Vietnam's central bank will impose a 6 per cent ceiling on interest rates that banks pay for dong deposits with no terms or terms shorter than a month, in a move to try to avoid liquidity risks in the banking system.
The ceiling on dong deposits with a one-month term or longer remains unchanged at 14 per cent, the State Bank of Vietnam said in a statement issued late on Wednesday.
Several banks have raised dong funds with terms from 24 hours, two days, one week or two weeks, but still paid the maximum 14 per cent annualised rate, which "contains risk with terms and liquidity for the credit institutions and the banking system", the statement said.
The new ceiling will come into force from October 1, the statement said.
Banks in Vietnam have cut dong lending rates to 17-19 per cent from as high as 24 per cent following a call last month by the central bank to ease repayment pressures for businesses.

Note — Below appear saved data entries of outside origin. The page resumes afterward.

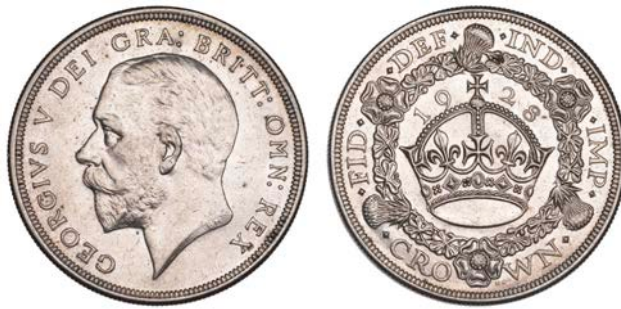
266 Crown, 1928 (ESC 3633 [368]; S 4036). A few surface marks, otherwise better than extremely fine
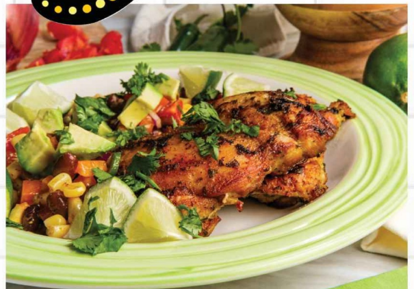
Boneless Skinless Thighs family pk.
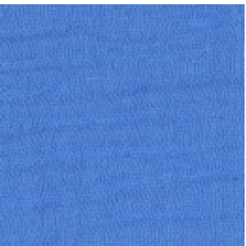
03959.077 ROYAL BLUE
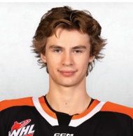
DOB: 12/20/2007 WHITEHORSE, YT. 6-0, 165 LBS. SHOOTS: LEFT WHL DRAFT: MH 1-1 (2022) NHL DRAFT: ELIGIBLE 2026
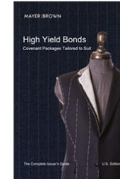
High Yield Bonds (2023)
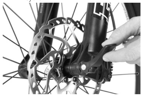
Figure 53: Fitting the Cross front wheel axle system

No tools are needed to remove the front wheel of the PORSCHE eBike Cross. Open the quick release lever on the axle and push the lightly greased axle through the hub until the thread engages with the dropout. Tighten the axle and apply the tension by turning the clamping lever upwards through 90°.
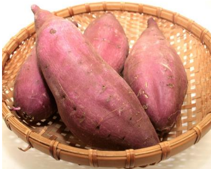
Sweet potato (Fresh)

The move has made it difficult for smaller banks with limited funds, prompting many to seek more creative ways to raise deposits while observing the 14 per cent ceiling in place since March 3.
Paying short-term depositors the maximum rate poses a liquidity risk to banks, which can face regular dong shortages. Unstable domestic gold markets and the country's rising import payments have also put pressure on the dong.
Vietnam has been battling some of the world's highest inflation and economists say years of soaring credit growth to achieve a fast economic growth has been a key contributing factor.
Targets for money supply and credit growth have been trimmed at least twice this year, and a resolution after the September cabinet meeting earlier this week urged the central bank to check credit growth at 15-17 per cent and curb money supply expansion to 12 per cent this year.
Previously, the official targets were to keep credit at under 20 per cent and money supply in the 15-16 per cent range.
The government has set a preliminary target for the economic growth to accelerate to 6.5 per cent in 2012, from a projected 6 per cent this year, an annual target that has been cut from 7.0-7.5 per cent to help control inflation.
The growth target for 2012 still needs approval by the National Assembly, which will convene from late October to discuss socio-economic targets for next year.
The Southeast Asian nation's economy grew 5.76 per cent in the first nine months of this year.